Secure Configuration

Here is our recommended secure configuration for N-able N-central Report Manager.

Operating System (OS)

• Install Microsoft Windows Server 2016 or 2019 Standard or Enterprise Edition.

  See:

  System Requirements

• Enable the Windows Firewall. See details in Network Security Section below.

  Also see:

  Server Requirements

• Install and configure an Anti-Virus (AV) product, such as N-able EDR or N-able AV Defender.
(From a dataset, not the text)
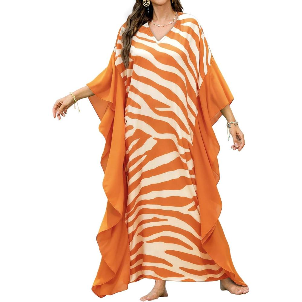 Bsubseach Kaftan Dresses for Women Plus Size Swimsuit Cover Ups Stripe Print Maxi Beach Caftan Moo Moos Dress(White Orange)
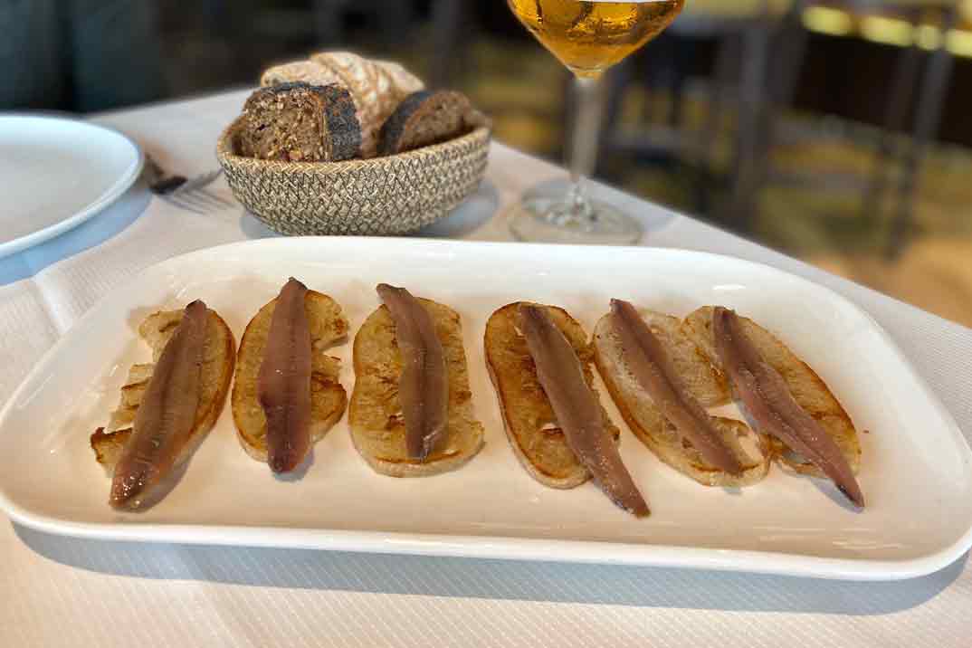 Lo mejor es comenzar con alguna de sus conservas como «los mejillones en escabeche» o de sus salazones las «Anchoas de Santoña, Pan y Mantequilla«. Riquísima y perfecta para compartir es la «tortilla vaga de piparras fritas y chistorra«.

• Install an N-central Agent onto the Report Manager system; N-central automatically recognizes Report Manager, and adds applicable health checking and monitoring services, Remote Control, and access to other tools remotely, such as deploying AV.

SQL Server

• Install Microsoft SQL Server 2017 Standard or Enterprise Edition

  See:

  System Requirements

IIS

• Configure HTTPS with a minimum of TLS v1.2 for Report Manager by following the Installation Guide (Configure HTTPS and SSL for Report Manager page 20).

  See:

  Configure HTTPS and SSL for Report Manager

• Install the latest security patches for IIS and enable Secure HttpOnly Cookies and HSTS attributes in IIS.

  See Microsoft:

• Microsoft - HSTS on IIS

• Microsoft - Secure Cookies on IIS

Application Security – Report Manager

• Install using the Local Admin account or a domain account with local admin rights, DO NOT USE a domain admin account.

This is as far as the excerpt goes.